Each of the essays in the book contends with an aspect of social, political and/or cultural change that Kreizman had to face and rethink, from insulin (Kreizman is diabetic) to the police (her twin brothers are cops), to kids (Kreizman and her husband, Josh Gondelman, are child-free).
I spoke with Kreizman before writing this essay, and I asked her how her ambition has changed as she aged. She told me she no longer has big ambitions for herself, but her ambition hasn’t gotten smaller; it’s gotten more encompassing. Now, she said, “I am ambitious for my community. My ambition is that I don’t want to see people die from a lack of insulin.”
It’s a reframing of ambition that is subtle and big-hearted, moving from the American dream of individual prosperity toward community survival.

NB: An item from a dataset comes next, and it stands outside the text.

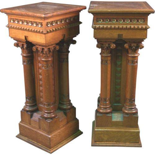 Pair of Victorian Fancy Oak Pedestals each 16 x 16 x 38" tall Restored and Magnificent
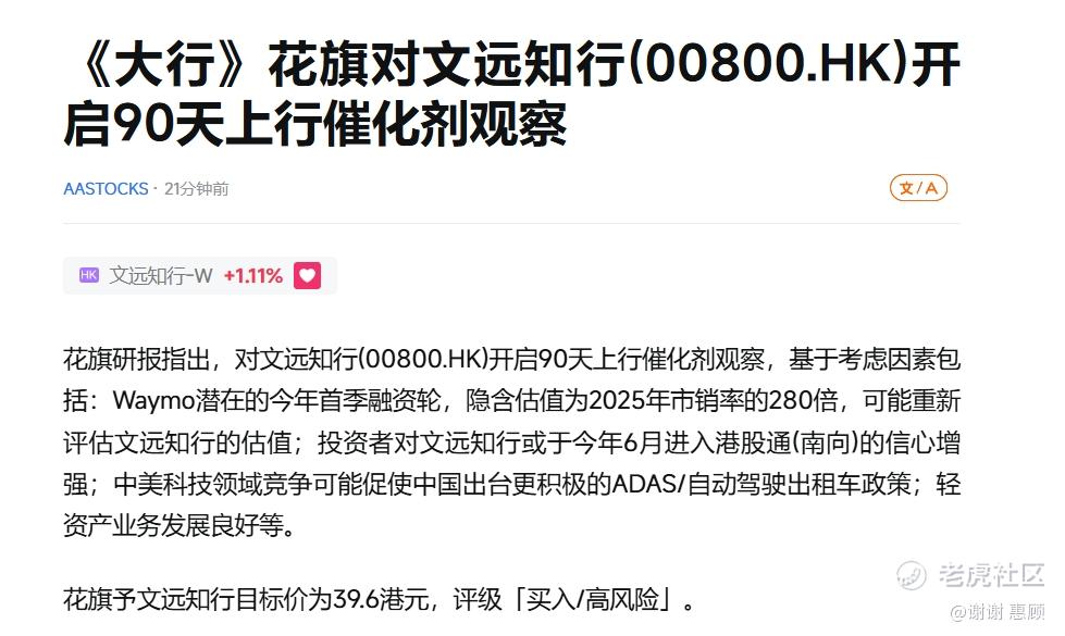 {"i18n":{"language":"zh_CN"},"data":{"magic":2,"id":523826372100704,"tweetId":"523826372100704","gmtCreate":1768913895295,"gmtModify":1768913898031,"author":{"id":3585111811261960,"idStr":"3585111811261960","authorId":3585111811261960,"authorIdStr":"3585111811261960","name":"哈哈2233","avatar":"https://static.tigerbbs.com/91c845af2d9ae68ad5457e1a7dc37191","vip":1,"userType":1,"introduction":"","boolIsFan":false,"boolIsHead":false,"crmLevel":1,"crmLevelSwitch":0,"individualDisplayBadges":[],"fanSize":6,"starInvestorFlag":false},"themes":[],"images":[{"img":"https://static.tigerbbs.com/fdced431ce7bee672ab878477383e5c7","width":"979","height":"585"}],"coverImages":[{"img":"https://static.tigerbbs.com/fdced431ce7bee672ab878477383e5c7","width":"979","height":"585"}],"title":"","html":"<html><head></head><body><p><a href=\"https://laohu8.com/S/00800\">$文远知行-W(00800)$ </a> 花旗给出了39.6港元的目标价位</p><img src=\"https://static.tigerbbs.com/fdced431ce7bee672ab878477383e5c7\" tg-width=\"979\" tg-height=\"585\"></body></html>","htmlText":"<html><head></head><body><p><a href=\"https://laohu8.com/S/00800\">$文远知行-W(00800)$ </a> 花旗给出了39.6港元的目标价位</p><img src=\"https://static.tigerbbs.com/fdced431ce7bee672ab878477383e5c7\" tg-width=\"979\" tg-height=\"585\"></body></html>","text":"$文远知行-W(00800)$ 花旗给出了39.6港元的目标价位","highlighted":1,"essential":1,"paper":1,"likeSize":1,"commentSize":0,"repostSize":0,"favoriteSize":0,"link":"https://laohu8.com/post/523826372100704","repostId":0,"isVote":1,"tweetType":1,"viewCount":173,"commentLimit":10,"likeStatus":false,"favoriteStatus":false,"reportStatus":false,"symbols":["00800","WRD"],"verified":2,"subType":0,"readableState":1,"langContent":"CN","currentLanguage":"CN","warmUpFlag":false,"orderFlag":false,"shareable":true,"causeOfNotShareable":"","featuresForAnalytics":[],"commentAndTweetFlag":false,"andRepostAutoSelectedFlag":false,"upFlag":false,"length":47,"optionInvolvedFlag":false,"xxTargetLangEnum":"ZH_CN"},"commentList":[],"hasMoreComment":false,"orderType":2}

Kreizman told me she was worried the book would be seen as “too angry.” The book seethes with a gentle anger, but it’s an anger built out of love, the tired kind of anger that wants everyone to be happy, to live, to experience a socialist revolution.

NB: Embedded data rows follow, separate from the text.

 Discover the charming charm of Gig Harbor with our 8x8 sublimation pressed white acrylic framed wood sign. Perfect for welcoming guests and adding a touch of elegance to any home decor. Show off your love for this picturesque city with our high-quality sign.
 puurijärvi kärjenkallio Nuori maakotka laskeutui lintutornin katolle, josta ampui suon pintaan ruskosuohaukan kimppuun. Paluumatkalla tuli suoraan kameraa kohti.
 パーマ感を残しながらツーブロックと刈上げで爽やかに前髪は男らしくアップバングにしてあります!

I asked Kreizman, a New Yorker, what she hopes her book brings to this hot political summer. And she said, “The best thing about having this book come out right this second, right now, is I look at my city, and last week, so many of us decided that the old ways weren't working. The Chuck Schumers of the world and the Democratic Party, as it stands right now, are just putting stuff out on social media and doing nothing. And that is not what most people want.”
“I see Zohran Mamdani capture so much of the imagination of people in my city,” Kreizman continued, “because he calls for change, but does it joyfully. And it's the best message to come out of that election. And what I want for this book.”

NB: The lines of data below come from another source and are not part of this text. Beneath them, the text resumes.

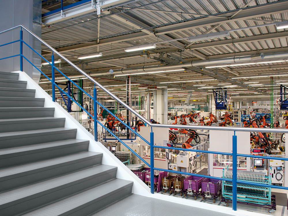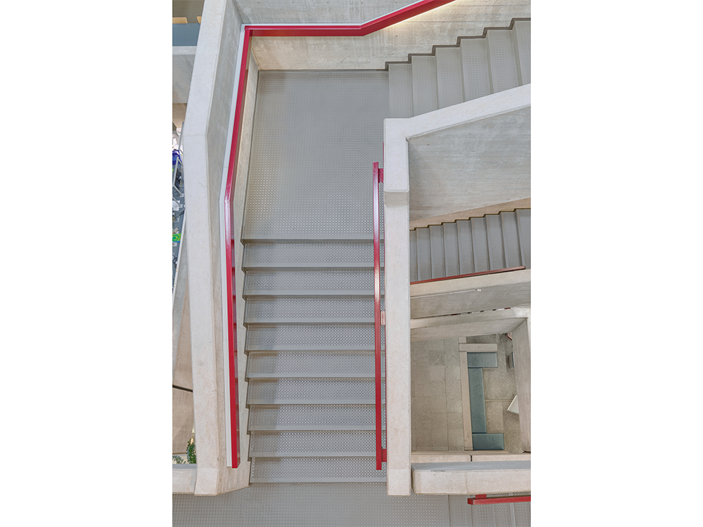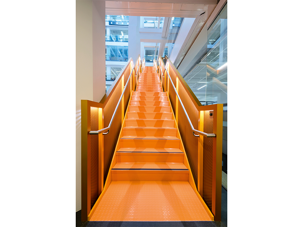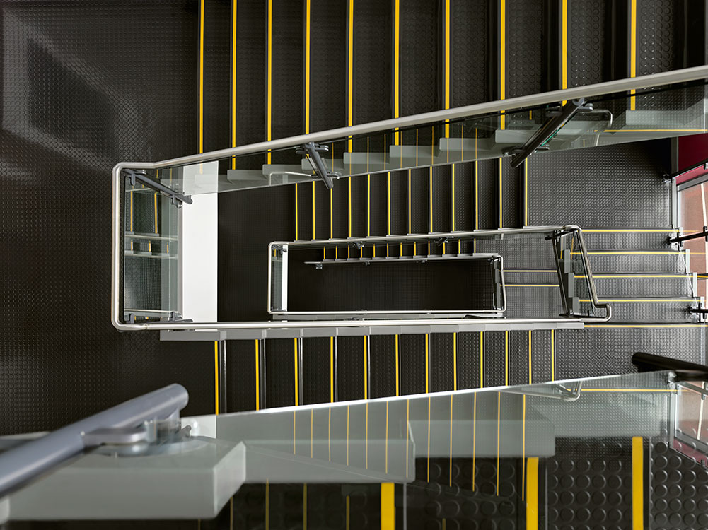 Stairtread with flat, direction-oriented relief structure with fine grain design and modern marbling, footfall sound absorption improvement of 12 dB. No two stairtreads are the same – each stairtread is totally unique.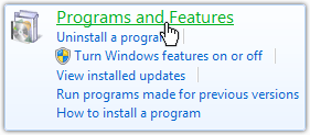 - Windows 7およびVistaでは、 [スタート]-> [コントロールパネル]-> [プログラム]-> [プログラムと機能]に移動します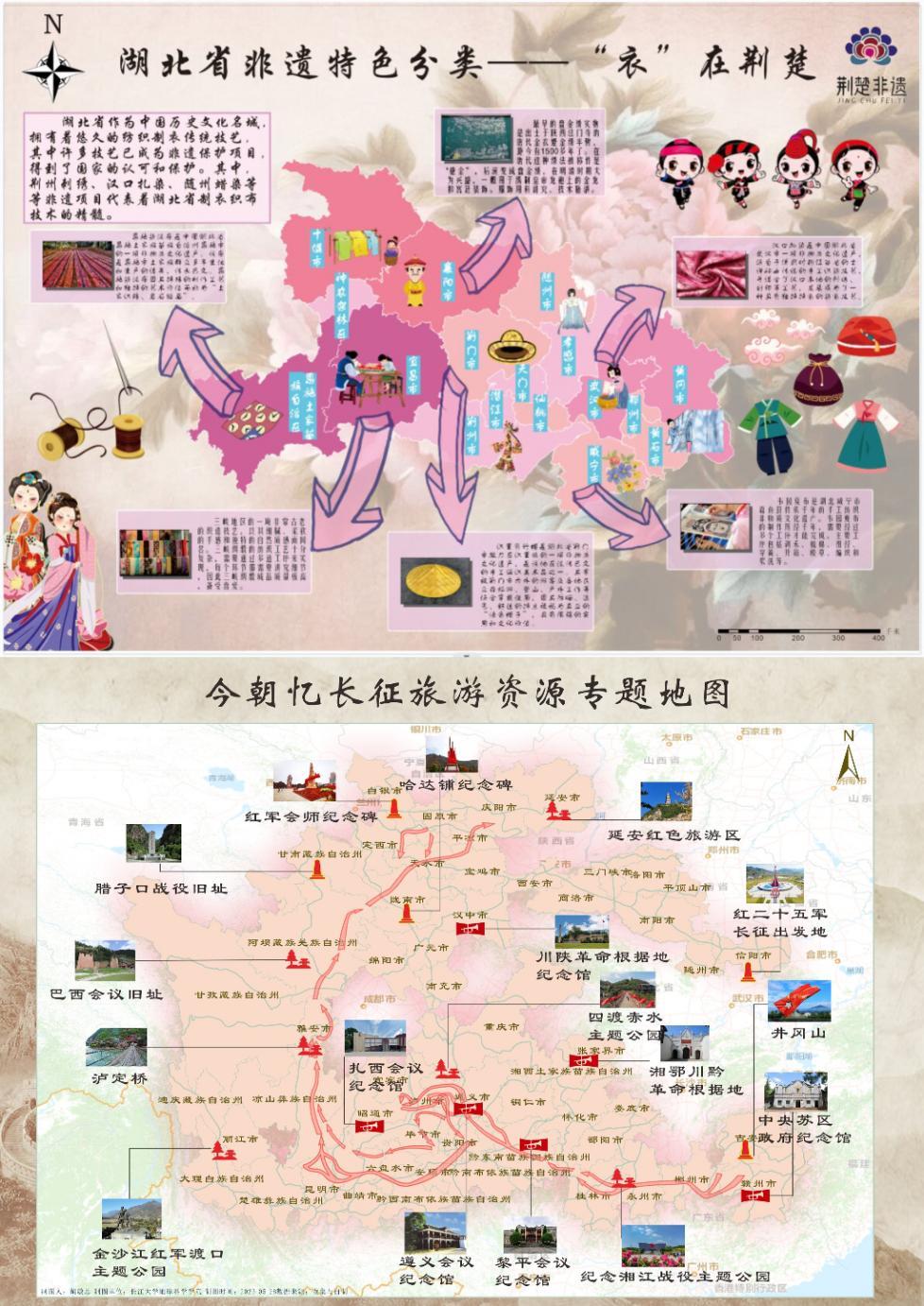 “地图制图组”由各参赛队伍派代表上台答辩。大家一边阐述设计思路、制作过程、绘图工具等内容,一边向大家展示本队绘制的精美地图集,赢得观众阵阵掌声。“火种传播队”的作品设计新颖,逻辑清晰,多角度、全方位展现了红军长征的壮阔图景。“从容面队”以荆州非遗文化为主题,从“衣、食、住、行”四个方面用地图的形式展示了荆州非遗文化的代表元素、发展进程、保护与传承。高贤君老师对同学们的作品给予了高度评价,希望同学们将专业知识与社会发展、文化传承、服务社会相结合,做有学识、负责任、有担当的地科学子。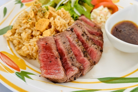 中津川産ひのき牛を使った、地産地消のステーキプレート。レア気味に焼き上げ、肉の旨味を存分に楽しめるジューシーな味わい。ガーリックライスが付いているのに、パンは食べ放題!さらにスープ&ドリンクバー付きのお得なセットです。
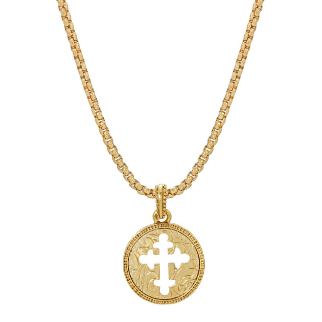 This simple yet elegant necklace features a cutaway Budded Cross design, with a box chain suspending a coin medallion pendant. Its stylish and inspirational look makes it perfect for daily wear or special occasions. The timeless design ensures it complements any outfit, adding a touch of grace and sophistication to your style. Length 20 in., width 19mm.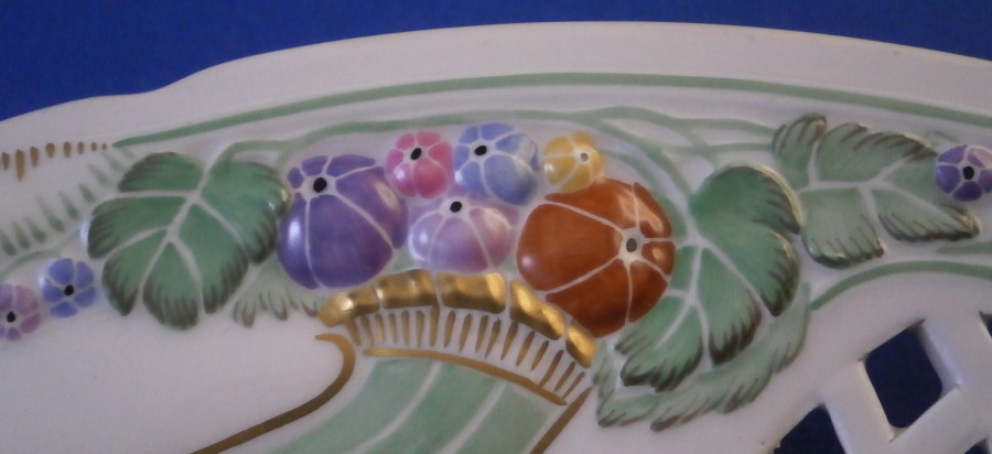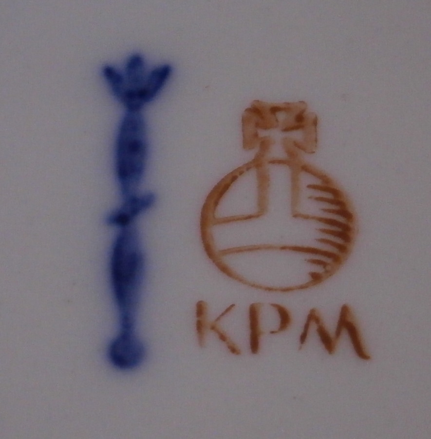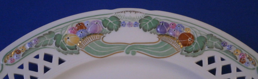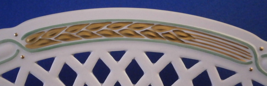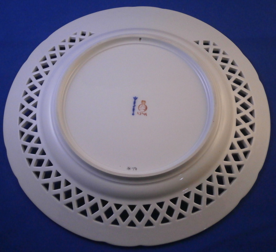 This is a superb reticulated plate made by KPM in the later 20th century. The plate is from the famous Ceres Service designed by Theodor Schmuz-Baudiss for the 150 year anniversary of the manufactory. It is the most famous of the Jugenstil services I believe and the name comes from the Roman goddess of fertility and agriculture. Hence the cornucopias, etc. This plate here is the reticulated version which is really nice and hard to find! The plate is in perfect condition which helps :) It is 1 inch tall and 8.75 inches in diameter. The set was first designed in 1912 for the anniversary of the manufactory. It is marked underneath with the under glaze blue scepter mark, the red orb and some blakc painter's marks as shown. Hole in the foot ring for hanging. A truly superb piece! Please email me for more information or other pictures.

Now that’s ambition: to keep pushing for systemic change, despite all we’ve seen and witnessed, and to do with a smile — or, at least, with an endless capacity for joy.
Instead of going trad wife, my trans son and I are buying 37 acres of wooded land 30 mins out into the hills of the Northern Appalachians from our town. With cash, so we don't have financing to pay off. And, slowly but surely, we're going to build a common house, with kitchen and full bathroom, by the pond, then we'll spread out into the woods with little cabins and tent platforms. We have a small cadre of queer, creative, multi-racial folks who will put down some roots there and remember what it is to really live in community. Part-time, full-time-- whatever works for folks.
My ambition is to love on my people as well as I can and get to know a piece of land intimately. We'll be off-grid, but not dropped out. Just rebalanced, so the bulk of our attention is given to what is right in front of us. What we can touch and love and impact positively and continually.
Come visit, Lyz! We'll have a bonfire and sit in the wood-fired hot tub.
I have been thinking about this a lot. I was a go-getter, no job I can't do, bust my whole ass because I was told that rewards were waiting. Don't get me wrong, I have a decent life. I've been successful in both my day job field and my creative field, though not as successful in the latter as I'd hoped. But god, there are some days I feel like I did ALL THAT, at great expense to my health, and wonder what the fuck it was all for.